The union filed an unfair labor practice charge alleging that the company was violating employee rights to wear union insignia in the workplace. AT&T countered that the buttons were patently offensive, vulgar, and interfered with its reputation and public image. The company further contended that the union waived any right to contest application of its mandatory appearance standards for Prem Techs by failing to demand bargaining over them.
Judge Sides With Union
In a seemingly tone-deaf analysis, the ALJ determined that “WTF” was not offensive when viewed in the context of the accompanying smaller “Where’s the Fairness?” statement. When combined with “AT$T,” the judge said it simply conveyed existence of a labor dispute.

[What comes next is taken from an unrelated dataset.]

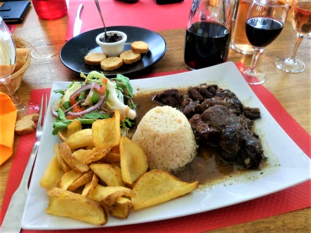 Εγώ επέλεξα μία από τις πλέον χαρακτηριστικές τοπικές παραδοσιακές συνταγές, την Gardiane (ο καβαλλάρης) de Taureau, με κρέας ντόπιου ταύρου της Camargue, το οποίο μαγειρεύεται με κόκκινο τοπικό κρασί και συνοδεύεται με ρύζι, που επίσης παράγεται σε αφθονία στην περιοχή.

The ALJ ultimately concluded that the expression “WTF” could not be interpreted so as to offend customers.
Likewise, the ALJ ruled that the buttons would not harm the company’s relationship with its customers, as their message was “a non-profane, inoffensive one,” as evidenced by the fact that AT&T received no resulting customer complaints. Accordingly, the ALJ concluded that the company violated the right of its Core Techs to wear union insignia in the workplace.
As for the Prem Techs, however, the ALJ ruled in the company’s favor. The judge reasoned that the union’s failure to demand bargaining over the appearance standards effectively waived its right to subsequently challenge the standards.
This case serves as yet another reminder that the NLRB is continuing well down the path of whittling away previously established employer rights, regulating the workplace in favor of enhanced protections for employees and unions alike. It remains to be seen where the agency will look next with respect to this encroachment strategy, but it’s fair to assume that a host of related employer property rights are now in serious jeopardy.
In the meantime, you should monitor this evolving area for further developments, and consult with counsel to ensure that your existing policies are compliant with current NLRB doctrine.